Он встал поудобнее и сотворил ветер.
Воду.
И облако пчел.
Он сплел зелено-золотую сеть и бросил разом все три заклинания.
И пошел в дым вслед за Амицией.
Это оказались те же двое детей, мимо которых Амиция проскользнула, поднимаясь на трибуны, – как будто много дней назад. На них рухнула несущая балка и придавила – и переломала – ноги.
Вокруг бушевало пламя. Как будто ад сошел на землю.
Когда Амиция была девочкой, в ее деревне жгли костры на День всех святых. Она помнила, как их разводили, помнила, как ждала праздника, помнила ужас при виде их немыслимой силы – не в реальности, а в эфире. Пламя. Быстрое, безжалостное, неразумное.

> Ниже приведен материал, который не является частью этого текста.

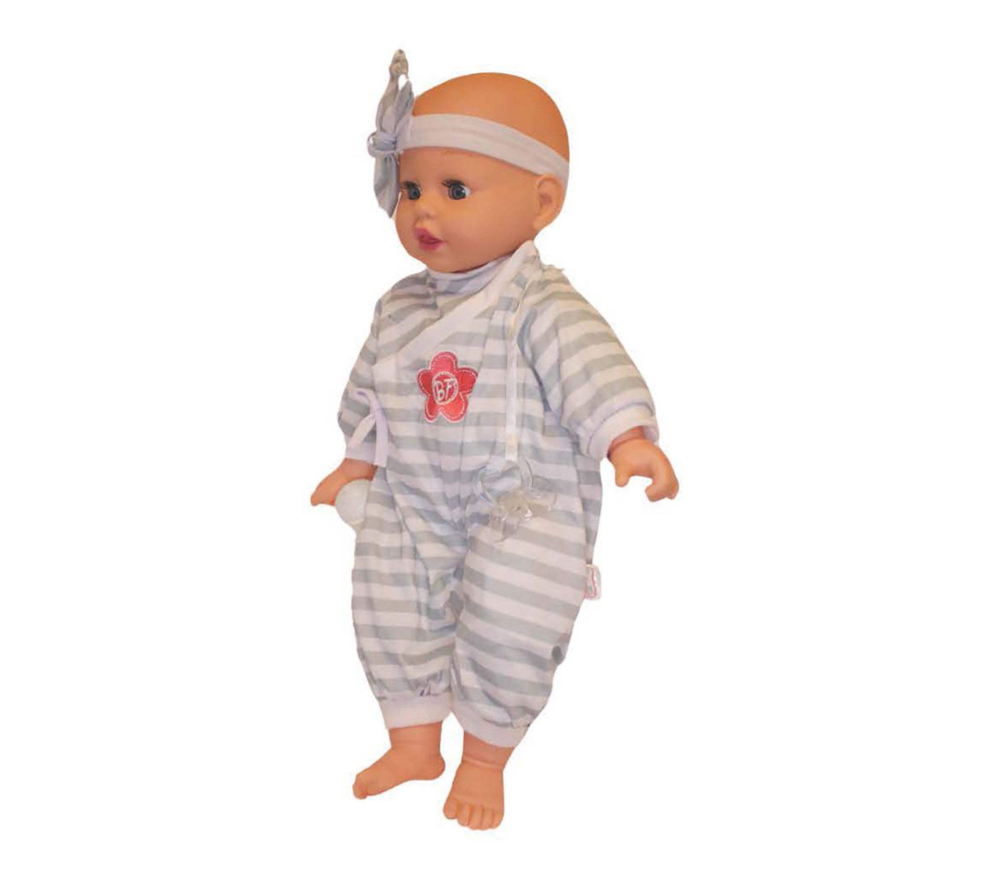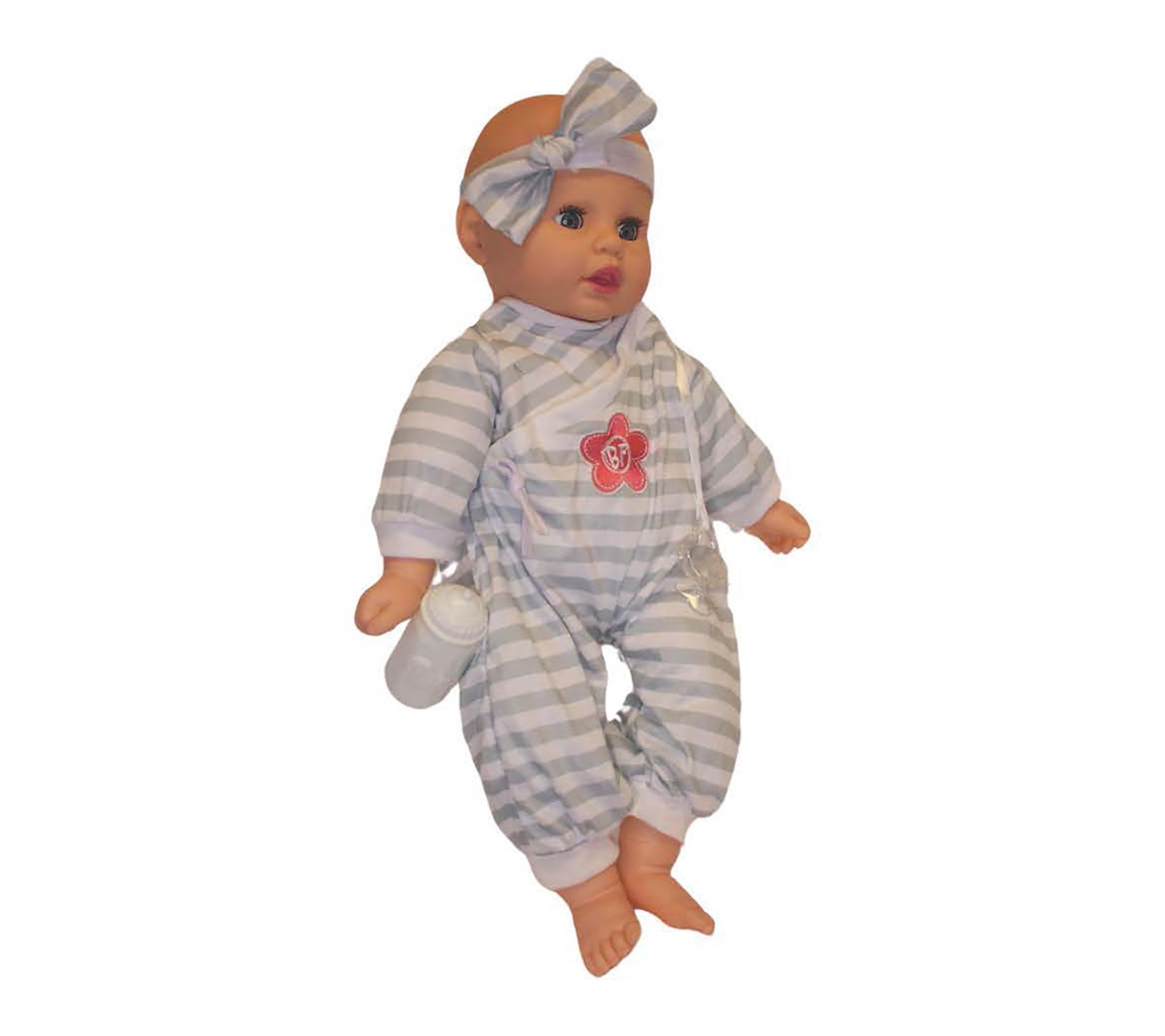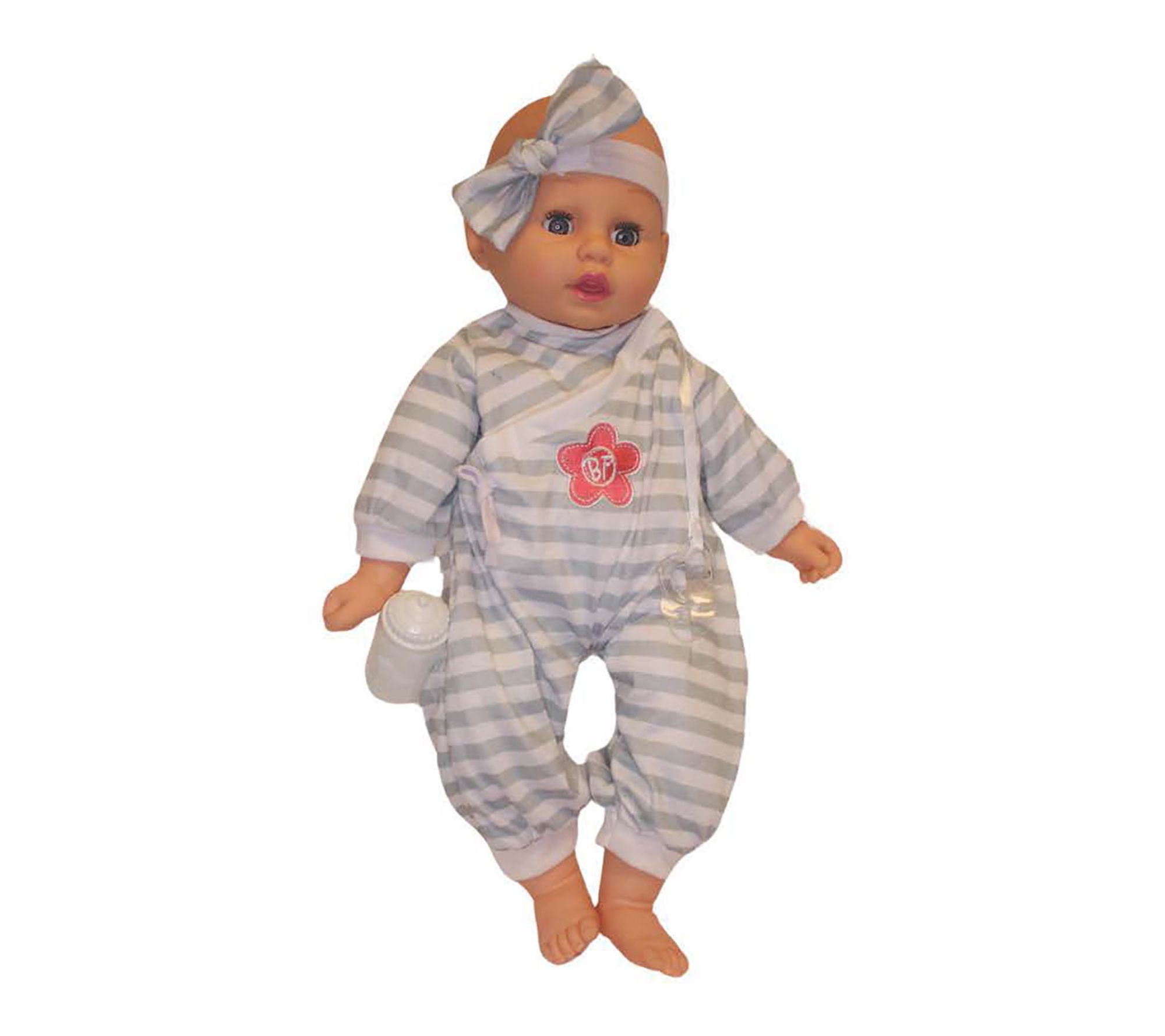 Goldberger Baby's First 19" Soft Baby Doll in Gray Striped PJs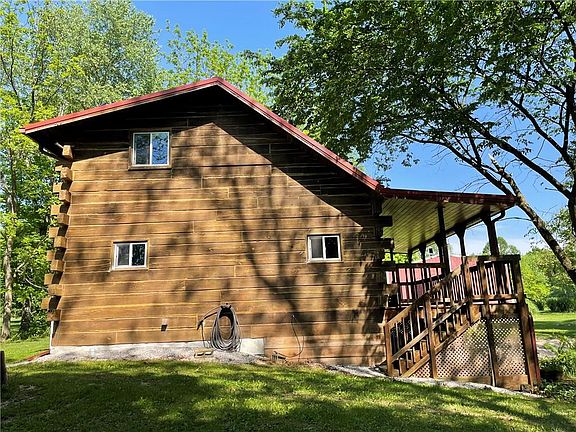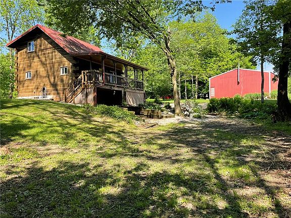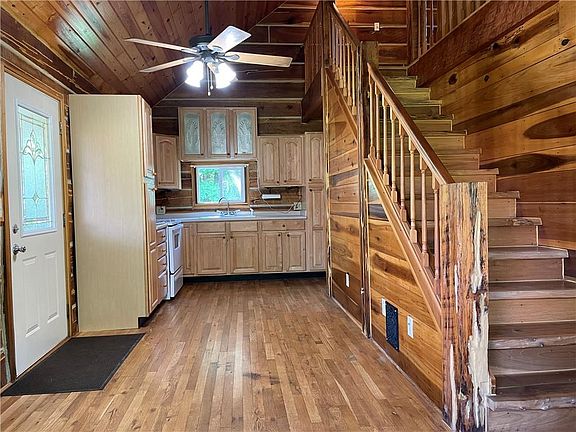 Solid built beautiful log home. This log home is absolutely adorable. Huge front covered porch overlooking mature landscaping/flower bed with peaceful water feature. Country kitchen/living room combo. Bedroom and laundry room/bathroom on the main floor. Upstairs is the master bedroom with precious 1/2 bath with a corner cabinet and unique light fixtures. Nice walk out basement with extra bedroom and family room area. Home is heated and cooled with electric wall units. Pole barn with huge sliding door, poured floor and electric. Very nice piece of property.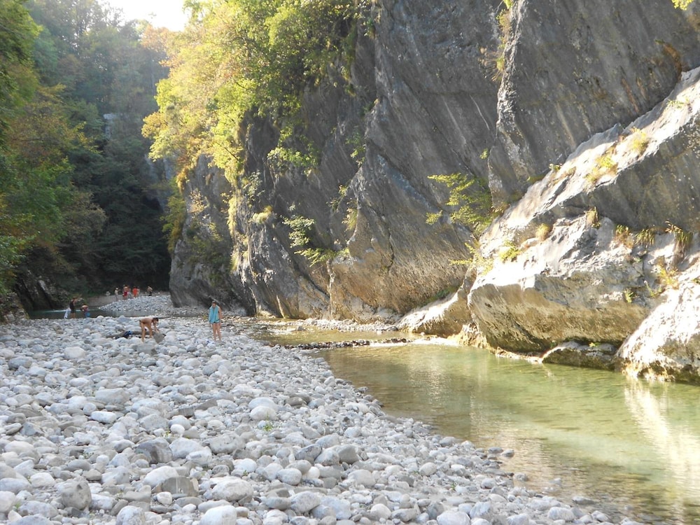 Sehr freundliche Vermieter. Fußläufige Entfernung zum Hisa Franco ( rechtzeitige Reservierung unbedingt erforderlich) Schöner Wanderweg nach Kobarid (ca. 3 km) und zu den dortiger Outdoor-Aktivitäten.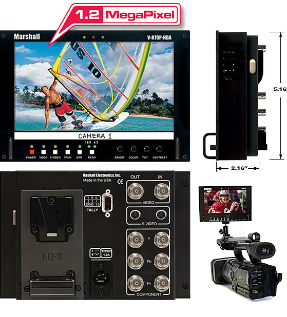 The Marshall V-R70P-HDA features our completely Digital TFT-Megapixel high resolution LCD screen with 1.2 million pixels, V-Mount battery adapter, 4 pin XLR power jack, and optical grade polycarbonate screen protection. Analog signals are digitized using an advanced 10 bit process with 4x over sampling and adaptive 5 line comb filter plus exacting color space conversion. Video is scaled to fit on screen in the highest resolution using a state of the art LSI that incorporates 4 x 4 pixel interpolation with precision Gamma correction to product the best images available.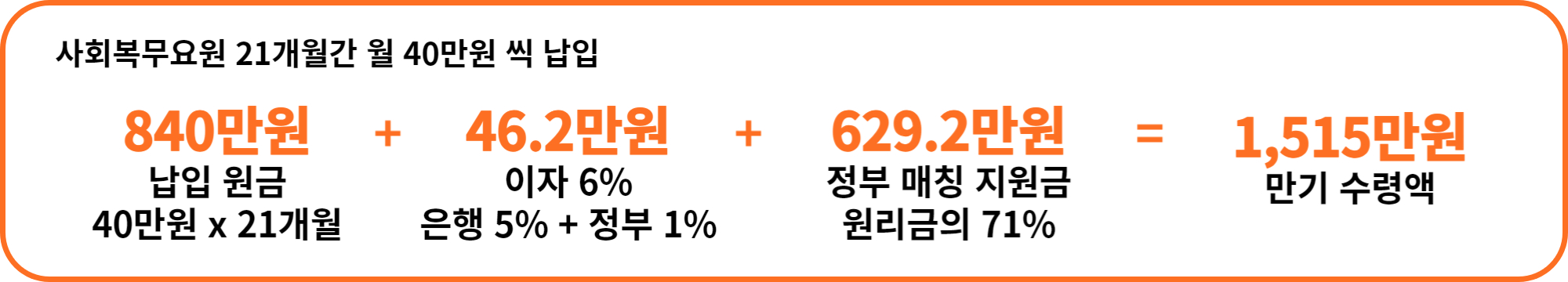 예를 들어, 사회복무요원이 복무기간 21개월 동안 40만원씩 납입하면, 원급 840원에 이자 46만 2천원, 그리고 정부 배칭 지원금 629만 2천원을 더해 만기 시 1,515만원을 수령하게 됩니다.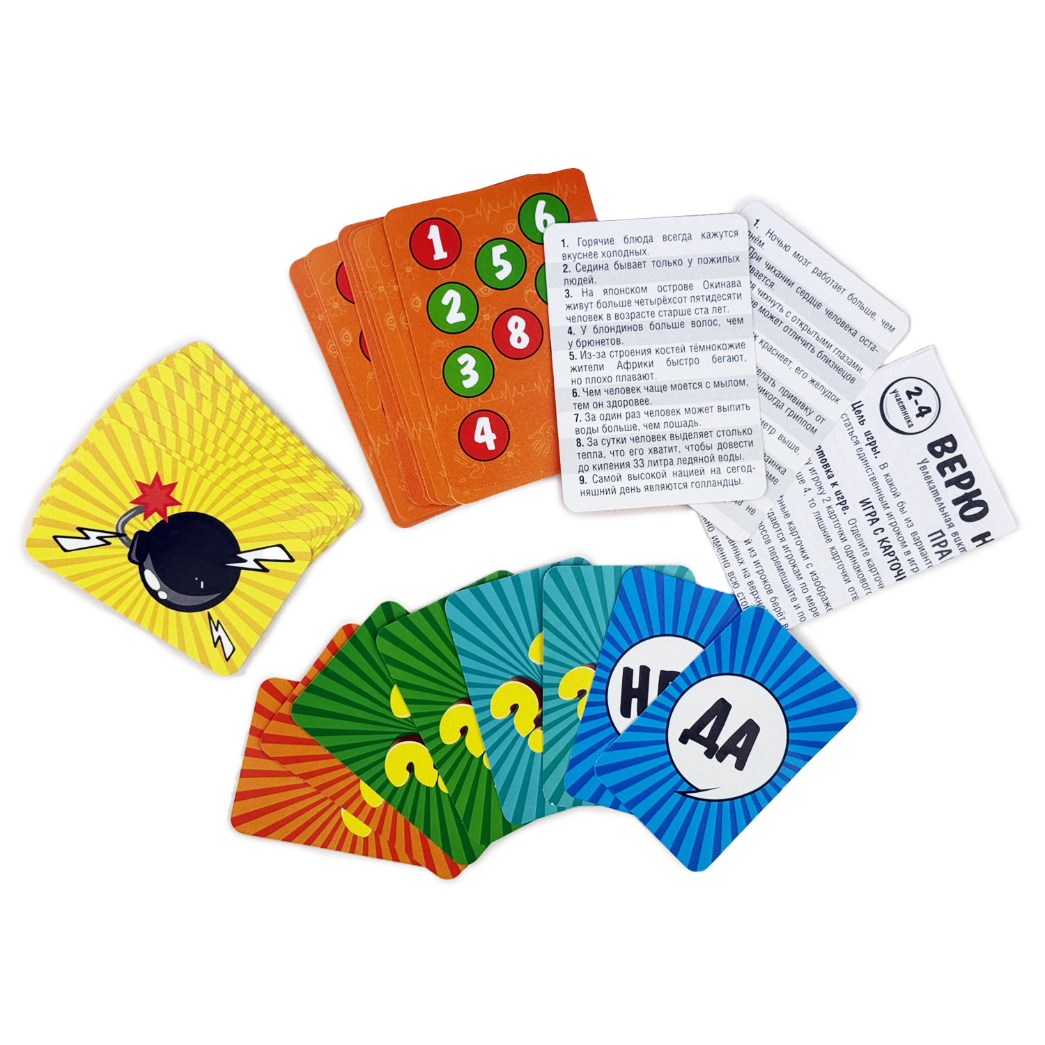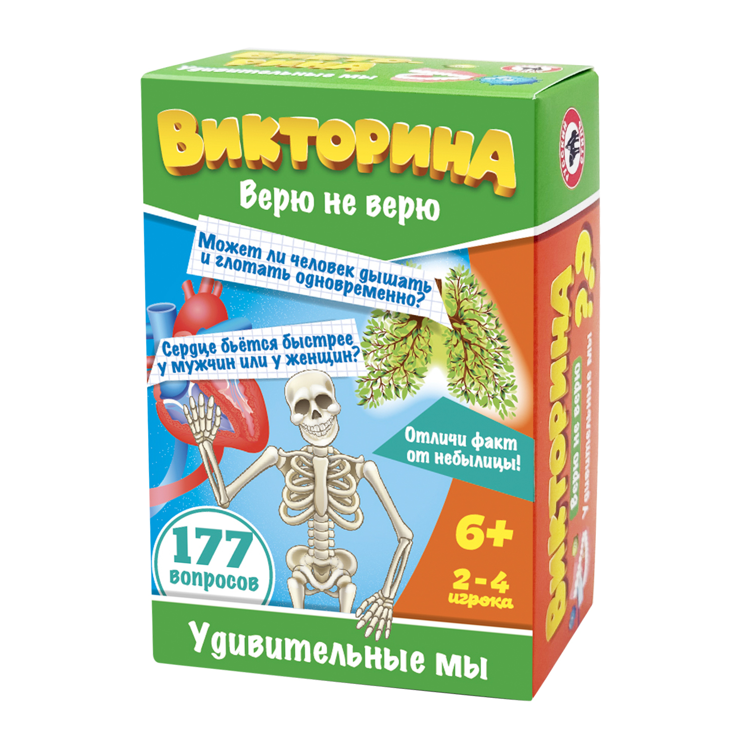 Увлекательная познавательная викторина для всей семьи поможет в игровой форме узнать много удивительных и малознакомых фактов о том, как устроен человек. Дети узнают ответы на такие интересные вопросы как: Может ли человек дышать и глотать одновременно? У кого чаще бьется сердце: у мужчин или у женщин? Поможет ли шоколад вылечить кашель? Можно ли чихнуть с открытыми глазами? и многое другое. В комплекте более 170 тематических вопросов: факты и небылицы. От игроков потребуется не только смекалка и эрудиция, но и умение отличать факт от небылицы. Игрок в свой ход задает понравившийся вопрос, все игроки делают ставки: "ДА" или "НЕТ". Тот, кто ошибся, получает штрафную карточку "Бомбочку". Кто набрал 4 штрафные карточки, выбывает из игры. Игроки могут использовать те вопросы, которые представлены на карточках, а также могут самостоятельно искать или придумывать вопросы. Игра-викторина будет интересна детям и взрослым, поможет познакомиться поближе с удивительными фактами о человеке. Игра отлично подойдет для веселой компании. Наборы этой серии совместимы между собой. Состав игры: карточки с вопросами – 18 шт., игровые карточки – 26 шт., правила.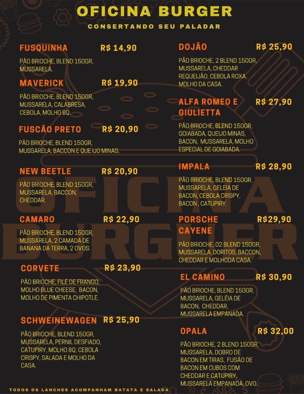 Fuscão PretoPão Brioche Blend 150gr Mussarela Bacon Queijo Minas Alface Tomate Batata Frita R$ 20,90 |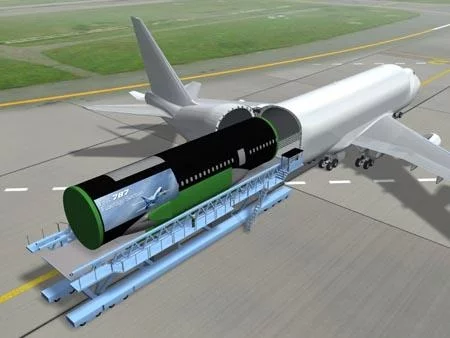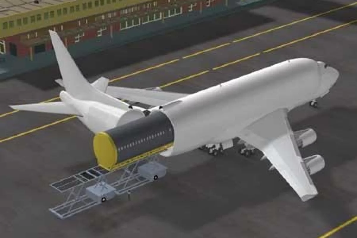 The Large Cargo Freighter's unique design will enable the entire aft fuselage to swing open, allowing 787 fuselage and wing components to be loaded. The expanded girth of the Large Cargo Freighter will hold 300 percent more cargo above the main deck than the largest freighter in regularly scheduled service, the 747-400.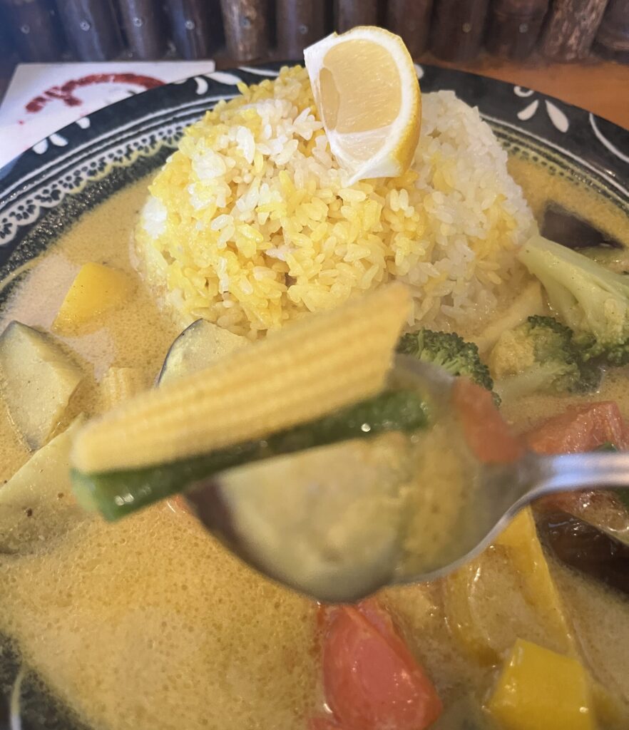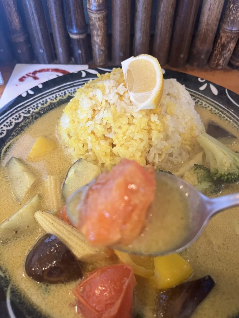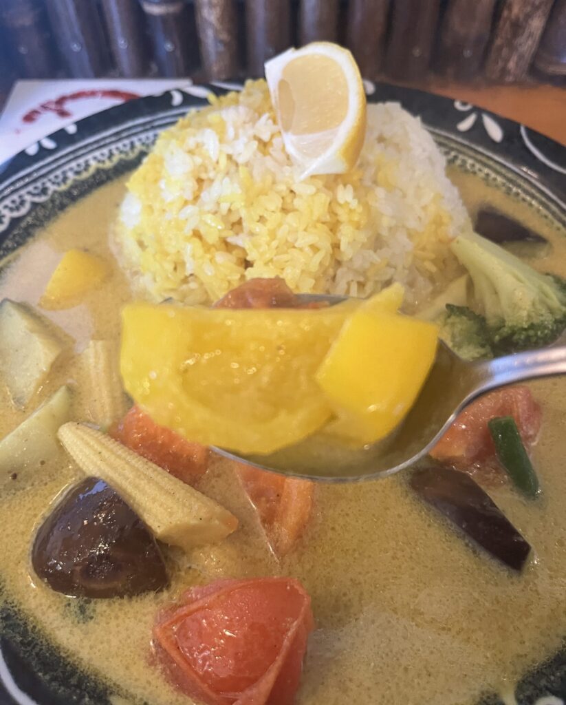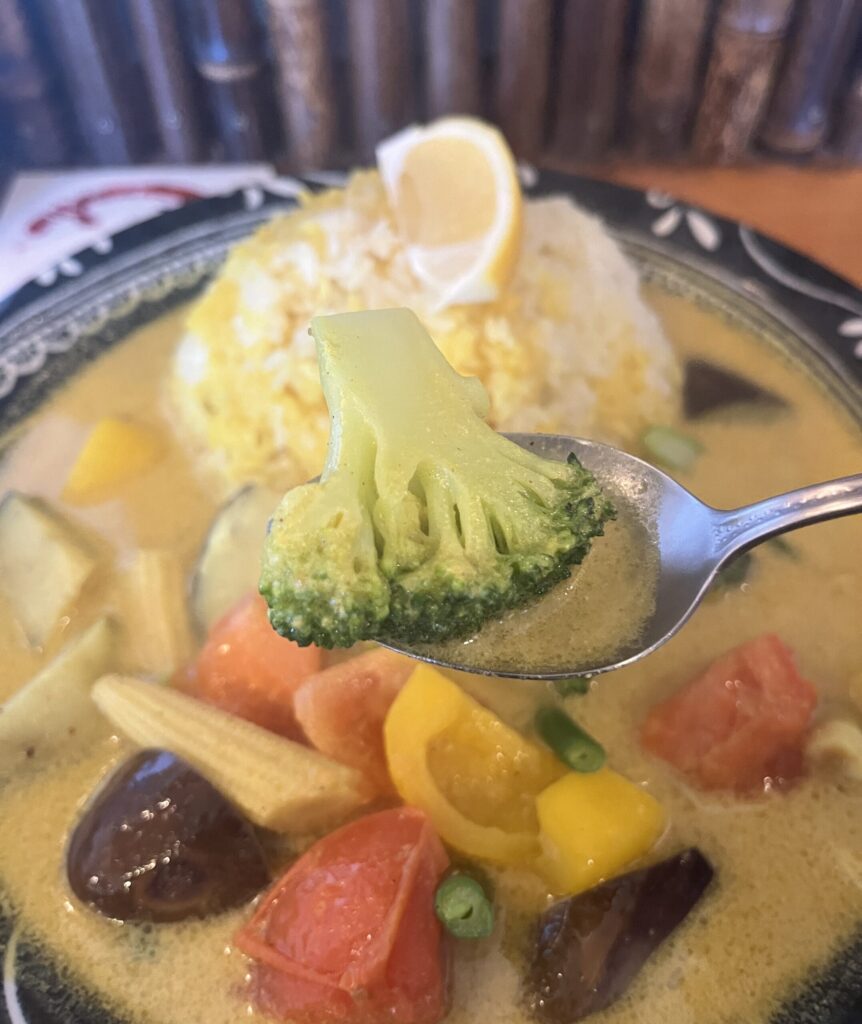 野菜はかなりの量があります。スープはココナッツベースで中辛という事もかなりまろやかです。

Пламя пожирало королевскую ложу: гербы, написанные маслом, гобелены, деревянные украшения, мебель, балки, сиденья. Магический компонент в нем тоже был. Кто-то… точнее, что-то… разожгло это пламя.
Дети были на волосок от смерти – они могли задохнуться или сгореть. Девочка кричала, не переставая. Ее брат уже потерял сознание.
После исцеления и глупой борьбы со смертью Амиции не хватало сил, чтобы поднять балку и сдержать пламя. Но ее вера в Господа была велика, и она вычерпала все силы, удерживая огонь поодаль, пока четыре человека – отец и трое его слуг – накинулись на балку. Отец, не скрываясь, плакал от бессилия.
– Почему? – кричал он.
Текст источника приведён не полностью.